I guess my question is what Indexes or T-SQL would you guys recommend for something like this. We could Index the name field but what sort of SQL would we use to find "Foster Brian" for example. I really mean example... if you can type it out for me that would be greatly appreciated.

russell
Pyro-ma-ni-yak

5072 Posts

Posted - 2009-10-29 : 14:25:58
WHERE fullName LIKE '%foster%' AND fullName LIKE '%brian%'

is always going to cause a table scan no matter what you do with the indexes. how is the data stored? Like this? "Foster, Brian" why can't you just search for the name you're looking for?

If you take the leading wild-card out you may get an index seek

WHERE fullname like 'Foster%Brian%'
Go to Top of Page

blindman
Master Smack Fu Yak Hacker

2365 Posts

Posted - 2009-10-29 : 15:12:50
I would suggest you split the name into two columns. If the data is fairly static (names rarely change), then this would not be expensive to implement.
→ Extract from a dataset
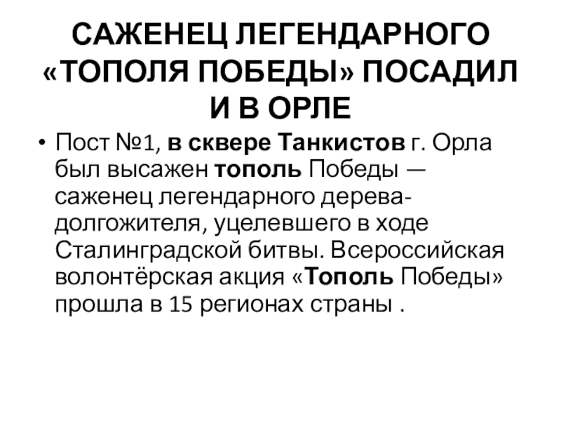 Саженец легендарного «Тополя Победы» посадили в ОрлеПост №1, в сквере Танкистов г. Орла был высажен тополь Победы — саженец легендарного дерева-долгожителя, уцелевшего в ходе Сталинградской битвы. Всероссийская волонтёрская акция «Тополь Победы» прошла в 15 регионах страны .

________________________________________________
If it is not practically useful, then it is practically useless.
________________________________________________
Go to Top of Page

theGrind
Starting Member

5 Posts

Posted - 2009-10-29 : 16:50:31
russell!!!!!!!

great solution. Queries dropped from 10-20 seconds to 1-2...

Many many thanks.

No leading Wildcard = index seek. Will remember that one for sure.

Thanks again very much.
Go to Top of Page

russell
Pyro-ma-ni-yak

5072 Posts

Posted - 2009-10-29 : 21:49:53
Glad to help
Go to Top of Page

theGrind
Starting Member

5 Posts

Posted - 2009-10-30 : 15:47:32
russell!! Don't leave yet! :D

One more question for ya...

There is also an address field that I needed to do the same thing to. Example address: 12 falcon rd

The field is Indexed.

I was in Profiler watching people query the db and saw the query
WHERE addr LIKE '12%falcon%' took 48 seconds and scanned through 1.5 million rows. So I went and found that if the first two characters are numbers it will not do an index seek. If I put like 1h instead of 12 it will index seek. or if the number is 3 characters long it will index seek. Is there anyway to get around this? We have 100K plus two digit addresses.

Thanks.
Go to Top of Page

russell
Pyro-ma-ni-yak

5072 Posts

Posted - 2009-10-30 : 22:17:44
the way around is to make the query more selective. only the characters to the left of the wild card will be considered for an index seek. a wild card matches everything so this makes sense. now, depending on the distribution or selectivity of the data, it is far more likely to perform a scan when it uses fewer characters.

consider your 1.5 million record table. there aren't many (100 to be exact) possible combinations that start with 2 numeric digits. this isn't likely to be selective enough to cause a seek, so the optimizer chooses a scan.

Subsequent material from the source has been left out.